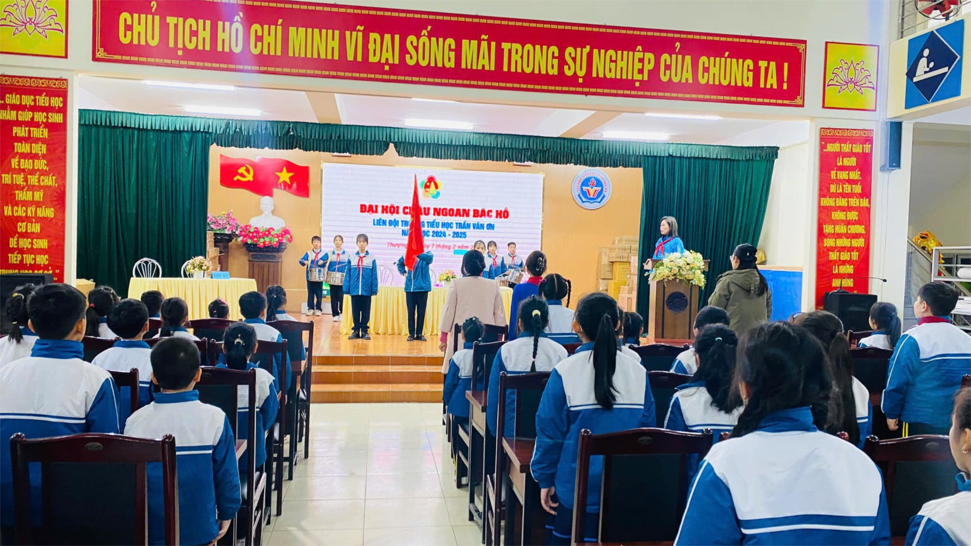 Đại hội Cháu ngoan Bác Hồ liên đội trường Tiểu học Trần Văn Ơn năm học 2024-2025 nhằm tuyên dương đội viên, thiếu niên, nhi đồng có thành tích xuất sắc, tiêu biểu trong thực
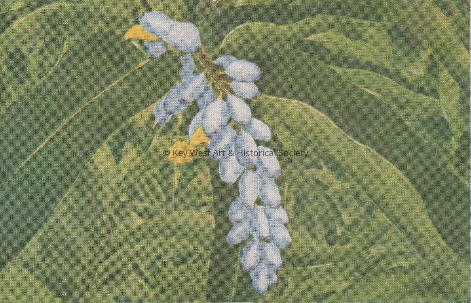 Postcard depicting a painting of a white flower and green leaves. The caption reads, ‘Ginger Plant, Key West, Florida.’Collection
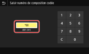 L'écran [Saisir numéro de composition codée] s'affiche.
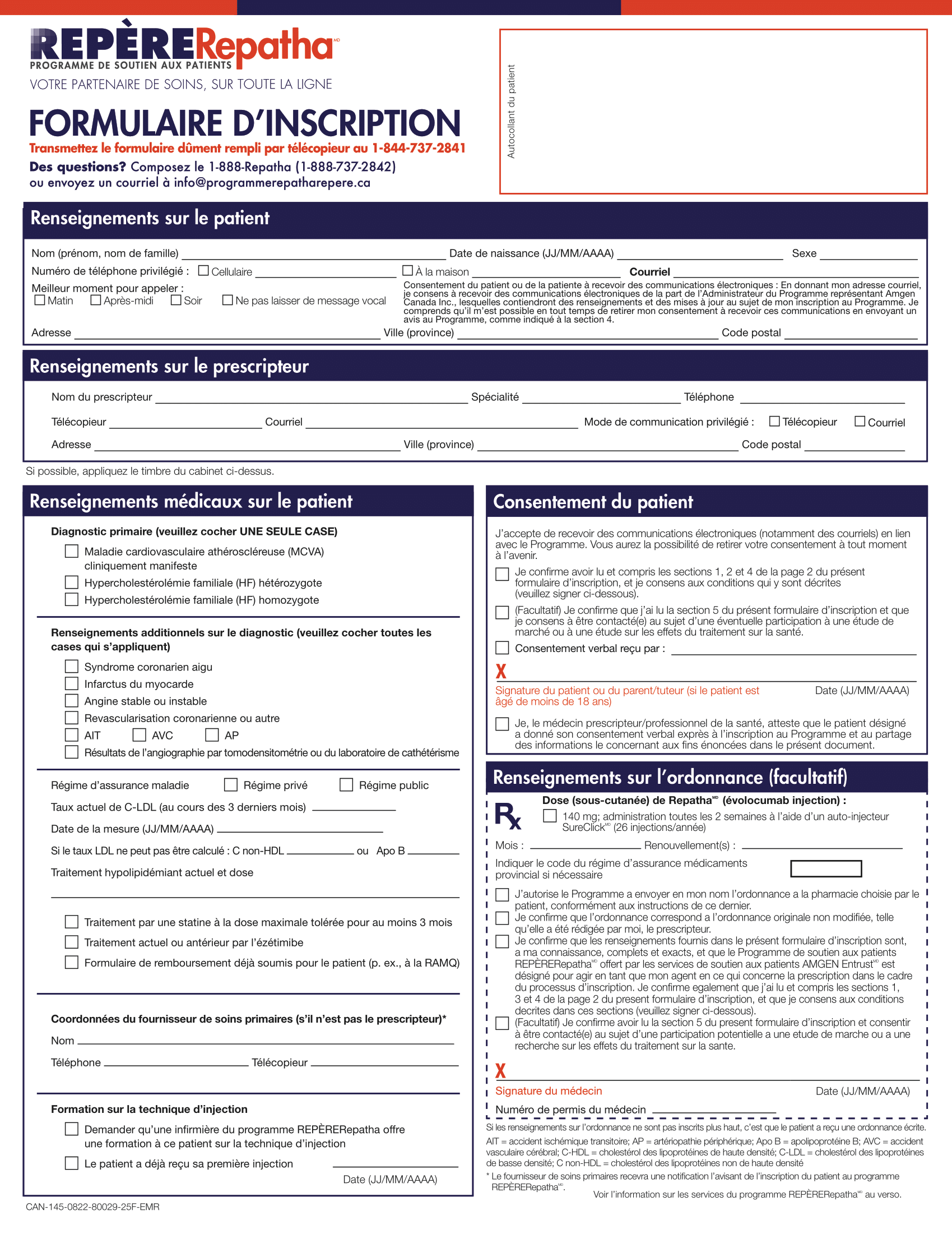 Repatha (evolocumab) PSP Formulaire d’inscription
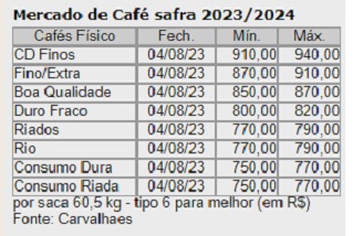 Até dia 4, os embarques de agosto estavam em 120.058 sacas de café arábica, 31.866 sacas de café conilon, mais 2.070 sacas de café solúvel, totalizando 153.994 sacas embarcadas, contra 215.971 sacas no mesmo dia de julho. Até o mesmo dia 4 os pedidos de emissão de certificados de origem para embarque em agosto totalizavam 448.414 sacas, contra 299.048 sacas no mesmo dia do mês anterior.
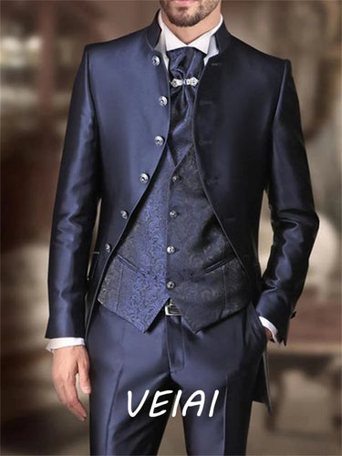 Trajes de boda para hombre con cuello levantado, chaleco Floral ajustado de Jacquard, chaqueta de 3 piezas, pantalones, disfraz de moda masculina
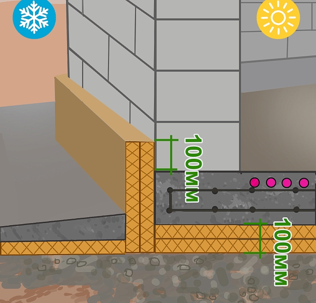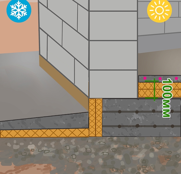 4. Фундаментная плита обязательно утепляется с торца Пеноплэксом (минимум 2 слоя по 50 мм). В случае устройства "теплого пола" в плите, добавляется утепление Пеноплэксом под плитой (минимум 2 слоя по 50 мм).
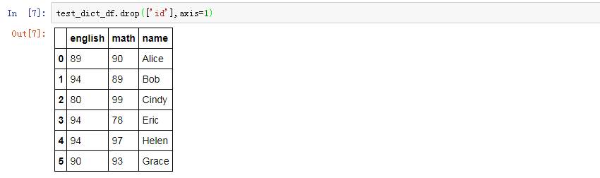 #pd.__version__ =='0.18.0' #drop columns test_dict_df.drop(['id'],axis=1) #test_dict_df.drop(columns=['id']) # official operation, maybe my pandas version needs update!
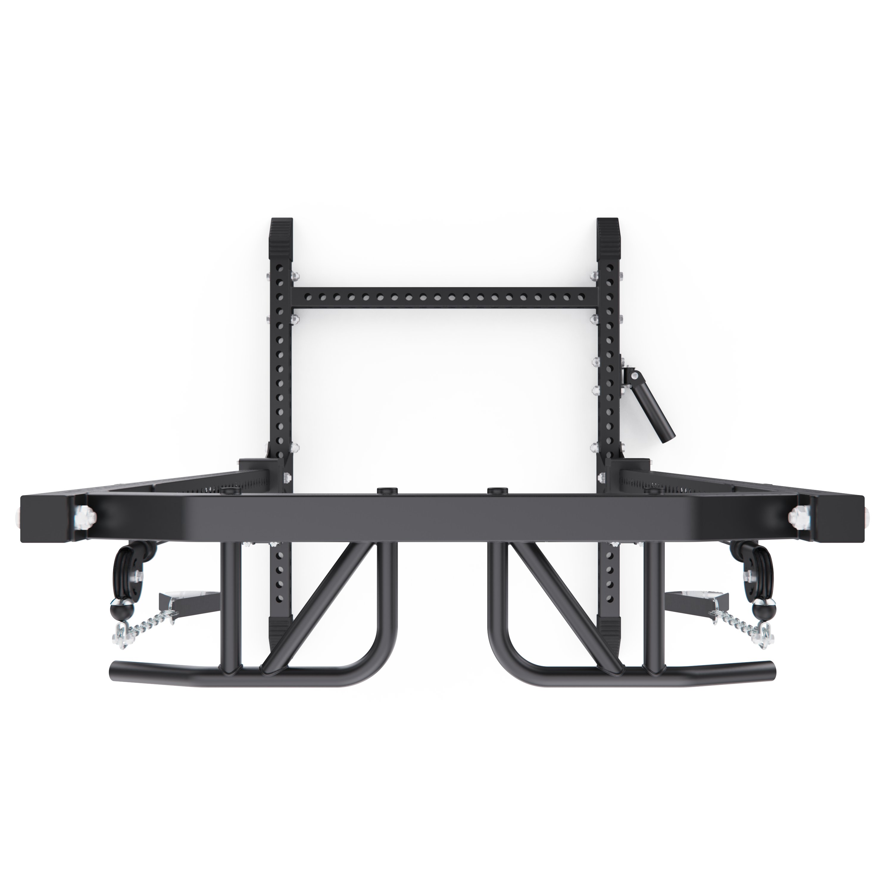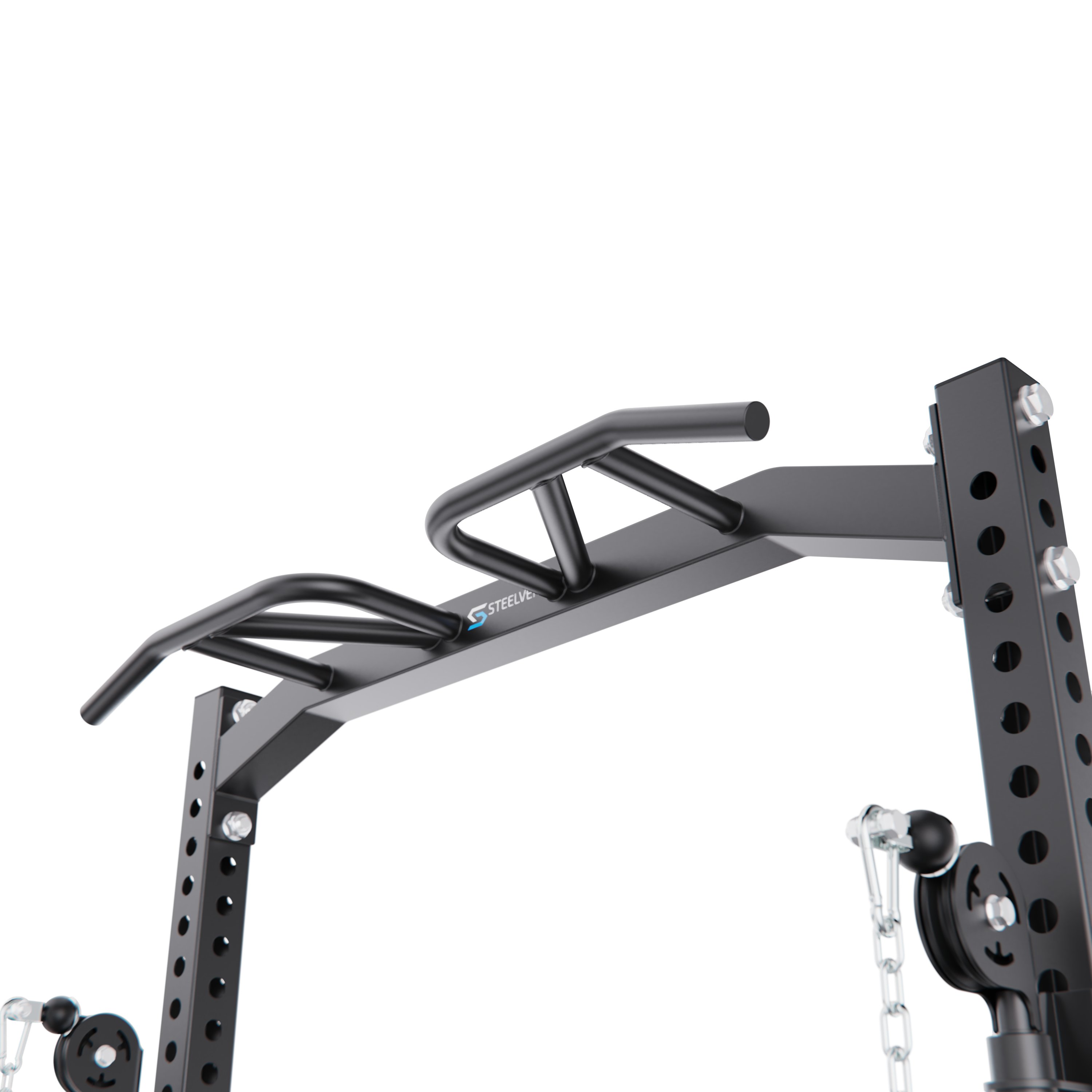 Встроенный кроссовер расширяет функциональность тренажера и позволяет прорабатывать все основные группы мышц. Кроме того, с одной стороны рамы предусмотрено специальное отверстие для установки грифа, которое позволяет использовать раму как Лэндмайн, выполняя жим и другие упражнения с естественной амплитудой движения.
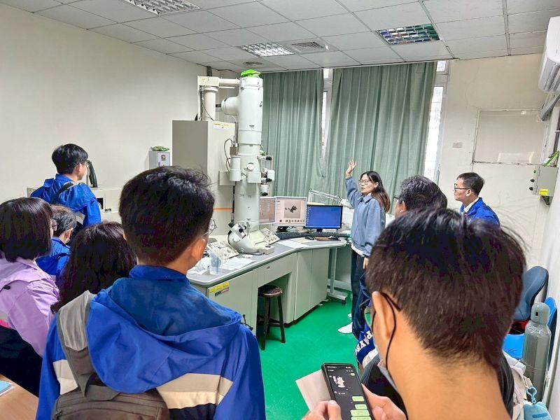 港明高中團隊在嘉大安排下,參訪理工學院應用化學系及土木與水資源工程學系實驗室。歷時30分鐘的導覽中,首先在應化系王梓帆主任陪同下,由蔡尚庭助理教授實驗室介紹質譜儀、電子顯微鏡等實驗設備與學生培育特色,讓港明高中教師對化學材料、環境檢測與應用科學等專業領域有更深刻的理解:參訪成員表示,此行大幅提升對大學端科學研究環境的掌握,對規劃高中科學教學具有實質助益。接續前往土木與水資源工程學系水工與材料試驗場進行參訪,由林庚達助理教授介紹水工模型試驗、材料測試流程及工程應用案例:此段參訪讓港明高中教師能直觀感受工程領域的實務面向,有助於引導學生認識工程職涯及科系特色。
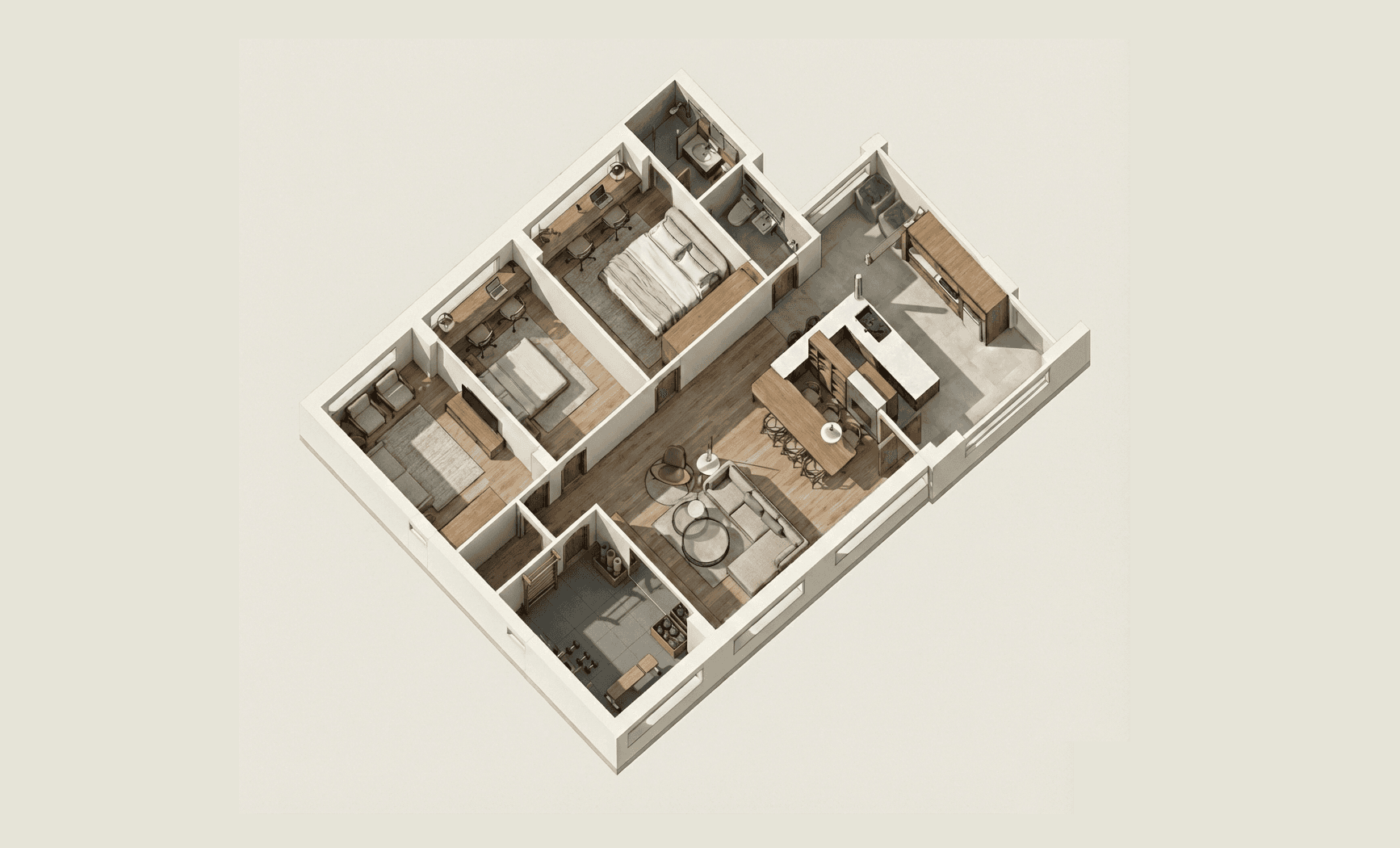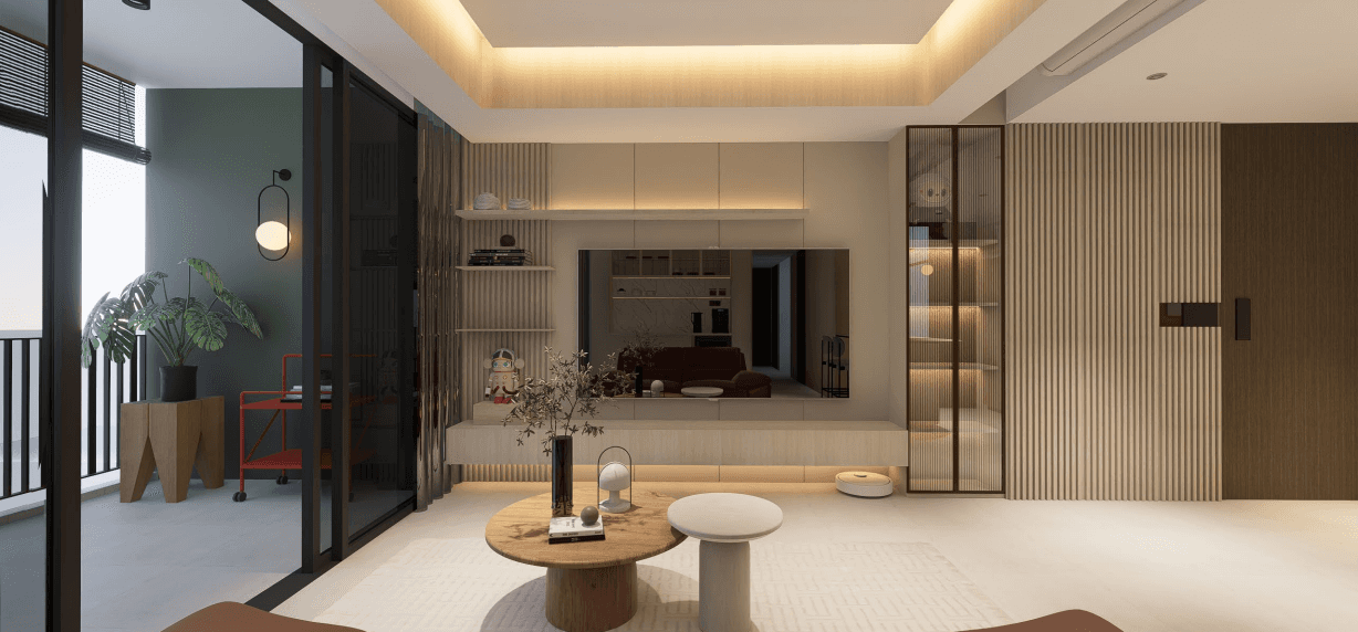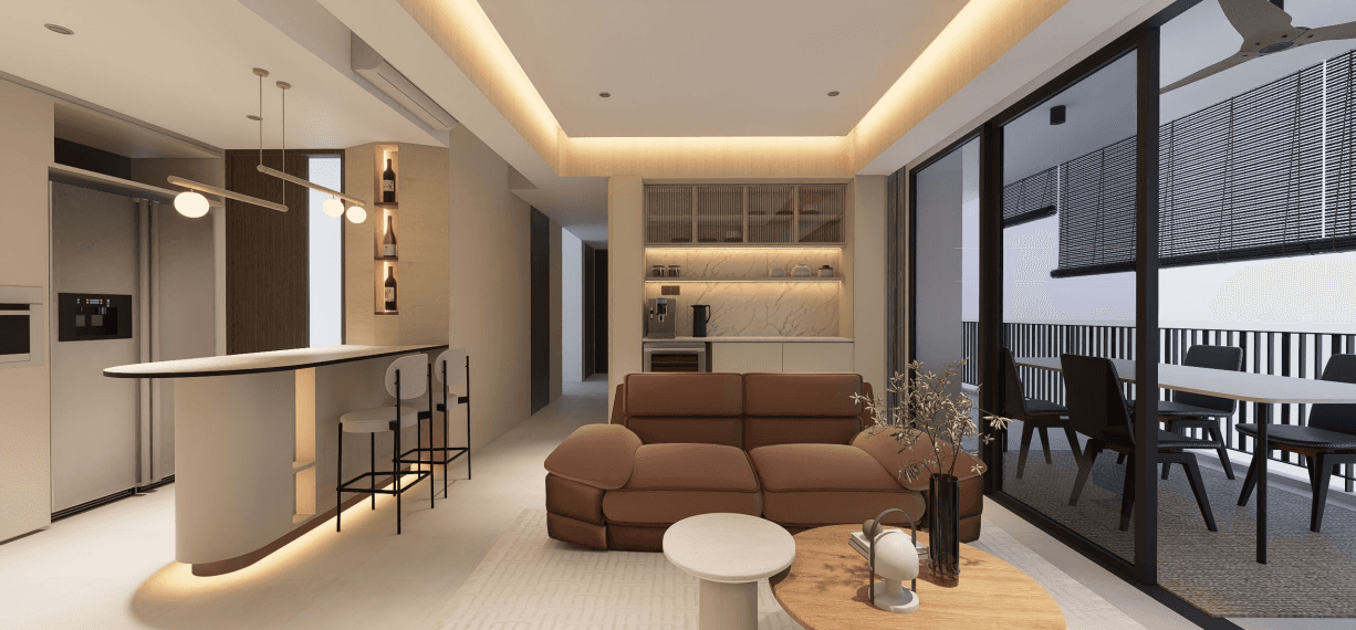 Clean Lines is a modern minimalist home defined by soft off-white hues and thoughtful restraint. Every storage element is carefully concealed to keep the space clean and open, allowing the home to feel spacious, calm, and warm - never rigid or boxed.

--------------------

### What you need to do
Set the pictures aside and retype exactly the lines above from the line with "Postcard depicting a" to the line with "Repatha (evolocumab) PSP", both included, adding no others.

### Exercise solution
 Postcard depicting a painting of a white flower and green leaves. The caption reads, ‘Ginger Plant, Key West, Florida.’Collection
 L'écran [Saisir numéro de composition codée] s'affiche.
 Repatha (evolocumab) PSP Formulaire d’inscription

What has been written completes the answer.